The first exhibitions of the fall semester at the West Virginia University Creative Arts Center’s Mesaros Galleries are works by nationally recognized African-American artists Nyame Brown, a painter and printmaker from South Bend, Ind., and Thaddeus Mosley, a sculptor from Pittsburgh. Both exhibitions will be open through Oct. 6.
Both exhibitions open Sept. 1.
Brown’s exhibition, titled “The John Henry Works,” will be on view in the Laura Mesaros Gallery and is curated by Robert Bridges.
Brown is inspired by African hairstyles and sculpture and creates images that explore the unconscious intertwining of African-American pop culture and the larger African Diaspora.
“The John Henry series by Nyame Brown was influenced by remembrances of his father’s bedtime stories,” Bridges said. “Through the series, the figure of John Henry has evolved in the work, and Brown has updated the figure with aspects of contemporary African American society, comic books and science fiction, bringing the hero that beat the machine into the 21st Century.”

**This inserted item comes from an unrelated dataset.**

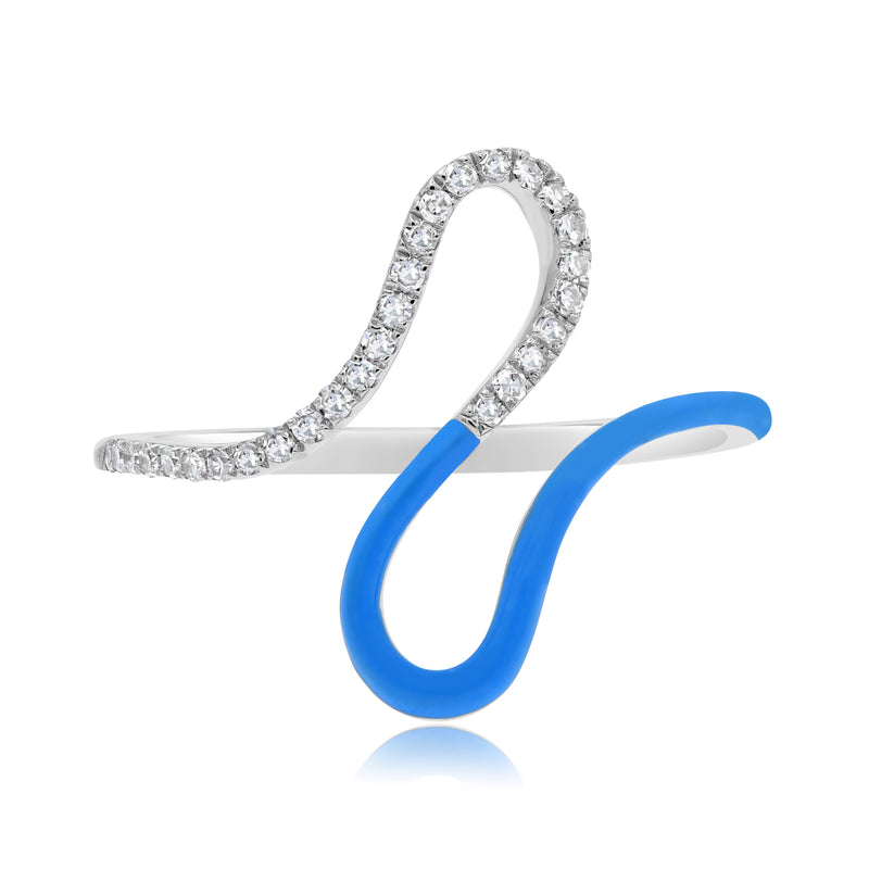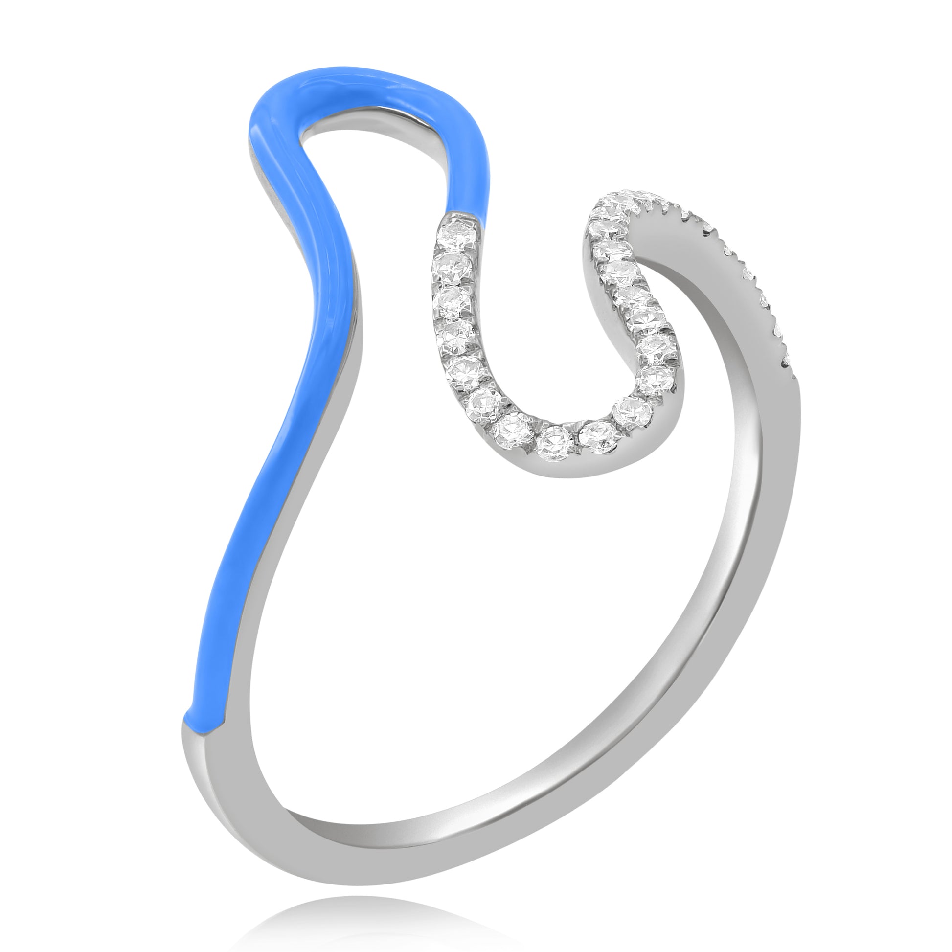 0.15 ct. Diamond 14K White Gold Blue Enamel Wave Ring

Brown holds a Bachelor of Fine Arts from The School of The Art Institute of Chicago and a Master of Fine Arts in painting and printmaking from Yale University, and taught at the University of Notre Dame, The School of the Art Institute of Chicago, Yale University and Illinois State University. In 2003 he was one of only 10 young contemporary artists nationwide to receive the prestigious Joan Mitchell Painters and Sculptors Grant Award that celebrates painting and sculpture as significant cultural necessities in America.
He also received the Richard Driehaus Foundation Individual Award in 2002, given annually to three Chicago-based visual artists. His works have been exhibited at various locations in New York, including Gallery M, Bill Maynes Gallery, Studio Museum of Harlem; and in Chicago and other parts of the Midwest, including Hyde Park Art Center, Gallery 2, Peter Miller Gallery and The Butcher Shop Gallery.

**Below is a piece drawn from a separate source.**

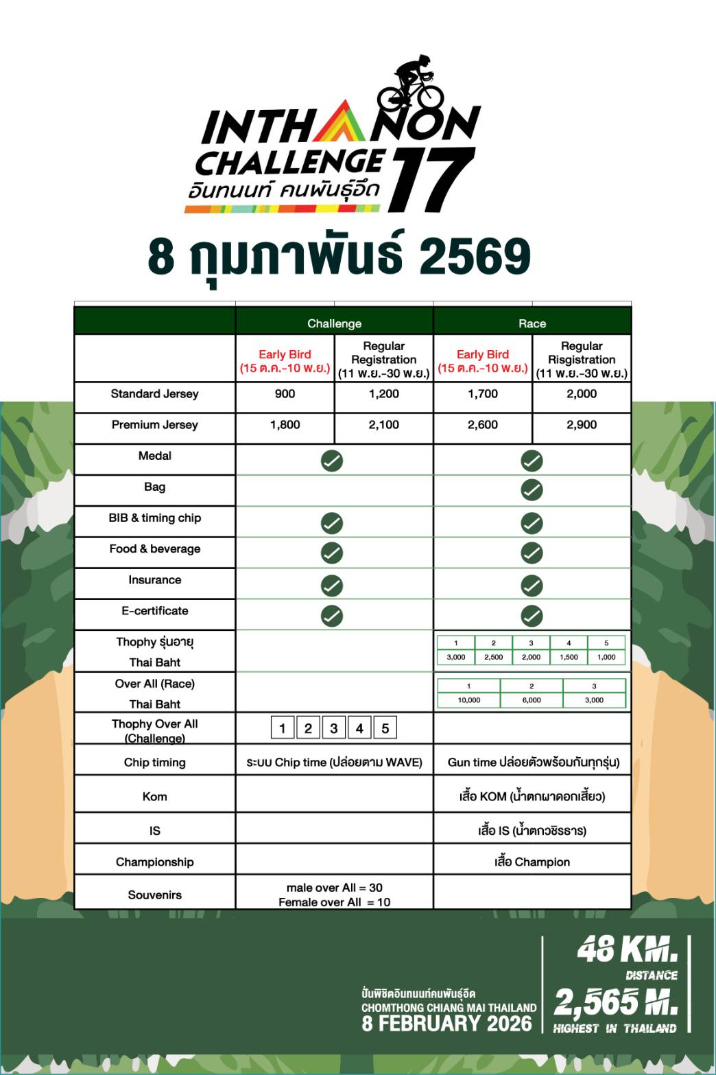 - 2,600 บาท ประเภทแข่งขัน (Race) / Premium Jersey

For more information, see http://www.nyamebrown.com.
Thaddeus Mosley’s sculpture will be on view in the Paul Mesaros Gallery at the Creative Arts Center, and he will present a visiting artist lecture about his work Thursday, Sept. 22, at 5 p.m. in the Bloch Learning and Performance Hall (200A). A reception for both exhibitions will follow at the galleries.
“Mosley is one of Pittsburgh’s top artists and has been for quite a few years,” Bridges said. “His carefully constructed abstract wood sculptures show influences of masters Brancusi and Noguchi, as well as the inspiration he feels from Jazz music. The sculptures all exhibit a balance between the geometric, organic forms and traditional utilitarian work.”

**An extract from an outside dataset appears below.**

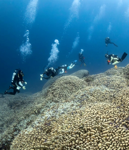 • 今年10月,在太平洋西南部的所罗门群岛(Solomon Islands)附近,研究人员注意到了一个疑似沉船的庞然大物。当他们潜入水下时,才惊喜地发现,这竟然是一片巨大的珊瑚群!经过测量,这片珊瑚宽34米,长32米,高5.5米,甚至比鲸鱼的体型还要大。研究人员们认为,这片珊瑚在地球上大约已经生长了300余年,其中可能栖息着数十亿只珊瑚虫。一般来说,珊瑚会长成一个圆球的样子,如同一个冰淇淋球。然而这片珊瑚实在是太大了,整体看起来更像一个融化了的冰淇淋——又扁又平,在海底铺展开来。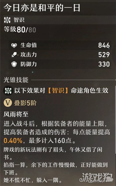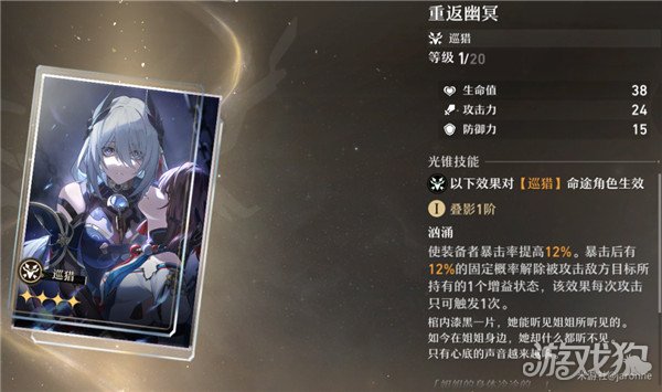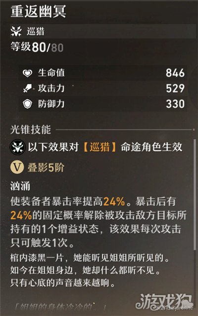 和大多数的巡猎光锥一样,第一个被动是提升暴击率。第二个被动能在暴击时解除对方增益状态,总体对自身输出增益不大。(话说这个光锥封面的姐姐好美啊)

Mosley’s most recognized sculptures include the 14-foot cedar “Phoenix” at the corner of Centre Avenue and Dinwiddie in Pittsburgh’s Hill District and the “Mountaintop” limestone at the Martin Luther King Jr. Library, also in the Hill District, at Herron and Milwaukee Streets.
A native of New Castle, Pa., Mosley is a graduate of the University of Pittsburgh, where he majored in English and journalism. While writing for The Pittsburgh Courier in the 1950s he became interested in carving and sculpture. His works have been exhibited at the Carnegie Museum of Art, the Pittsburgh Center for the Arts, the Three Rivers Arts Festival, the Mattress Factory, Manchester Craftsmen’s Guild and the Cue Art Foundation Gallery in New York City, among other venues.
His commissions include “Three Rivers Bench” for the David L. Lawrence Convention Center and “Legends” at the Susquehanna Museum in Harrisburg, Pa.
His awards include the 1999 Governor’s Award for Artist of the Year in Pennsylvania Visual Arts, the Pittsburgh Center for the Arts 2000 Cultural Award and the Pittsburgh Center for the Arts 2002 Service to the Arts Award and Exhibition. The later award is given to a member of the local arts community for demonstrating inspiration, involvement, commitment and passion for the arts.
Mosley has given numerous workshops on woodcarving at colleges and art centers locally and regionally. He has taught wood sculpture every summer for more than 20 years at the Touchstone Center for Crafts in Farmington, Pa.
To see an interview with Thaddeus Mosley, visit http://www.carnegiemuseums.org/cmag/bk_issue/1997/mayjun/feat3.htm.
Managed and programmed by Curator Robert Bridges and the WVU Division of Art and Design, the Mesaros Galleries organize a diverse and exciting schedule of exhibitions throughout the year. The galleries are committed to showing experimental work that is innovative both in terms of media and content. The Mesaros Galleries and the WVU Division of Art and Design also host contemporary artists of important or growing reputation who work in all media in the Visiting Artist Program.
All Mesaros Galleries events, including art lectures, exhibitions and receptions are free and open to the public.
Gallery hours are Monday through Saturday, from noon to 9:30 p.m. The galleries are closed Sundays and University holidays. Special individual or group viewing times may be arranged upon request.